Our approach involved developing nine criteria to evaluate opportunities and barriers for wind energy development. The criteria can be applied, and may vary, for different wind resources (i.e., onshore wind, offshore wind, and wind imports):

  • Wind Energy Potential – The presence and access to a viable wind resource is a prerequisite for wind energy development. The key metric for onshore wind is total installed capacity potential assuming a realistic buildout. Offshore wind potential can be evaluated by assessing the number of federal lease blocks available for offshore wind development. Wind imports can be evaluated by the presence, absence, and impediment of long-range transmission assets.
  • State Market Structure – Wind development is influenced by existing regulatory parameters and electric utility operations.
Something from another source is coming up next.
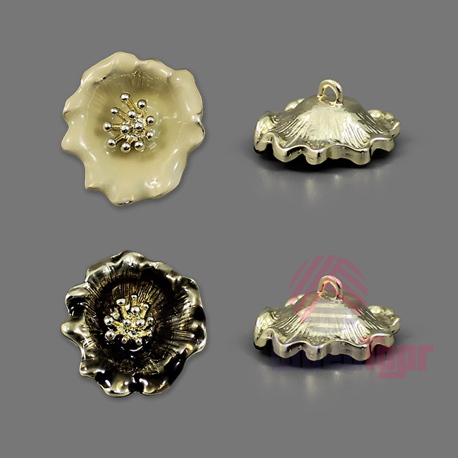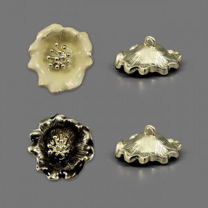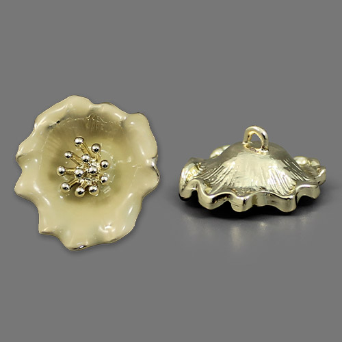 Эта металлическая пуговица на ножке, выполненная в форме цветка с золотистыми тычинками, станет стильным и контрастным акцентом для ваших изделий. Пуговицы выполнены в двух вариантах: нежный - золото/крем и более дерзкий - золото/чёрный. Оба варинта идеально сочетаются с ярко-золотистой основой.

Key considerations include the existence of organized or regulated wholesale markets, current and planned generation supply, wholesale and retail electricity prices, and renewable energy options offered to electric customers.
  • Political Environment – The state legislature and governor can shape state energy policies and public sentiment toward wind energy. A key consideration is the presence of wind energy champions or opponents.
  • State Energy Policies – State policies can promote or impede the adoption of wind energy. Key considerations include the presence of a renewable portfolio standard, state wind permitting regime, mandates for utility renewable offerings, or state incentives (e.g., tax credits).
  • Public Utilities Commission – Electricity service and investor-owned utilities are regulated by a public utilities commission within each state. Consequently, orders issued by the public utilities commission can promote or impede the adoption of wind energy.
  • Electric Utility Engagement – Electric utilities gain valuable experience from researching wind options and first-hand operational experience by integrating wind resources. Key considerations include utility activities or preparedness for onshore wind, offshore wind, or wind imports.
  • Local Permitting – Local permitting design, including setback and noise requirements, can promote or impede wind energy development. Key considerations include local permits, regulations, ordinances, and zoning requirements.
  • Educational Resources – Education resources are critical as wind energy is a new technology to stakeholders in the Southeast. Key considerations include academic institutions and non-government organizations focused on wind energy research or education.
  • Public Perception – Public opinions toward wind energy can influence elected officials, regulators, and electric utilities. Key considerations include recent media coverage, community support, and wind opposition groups.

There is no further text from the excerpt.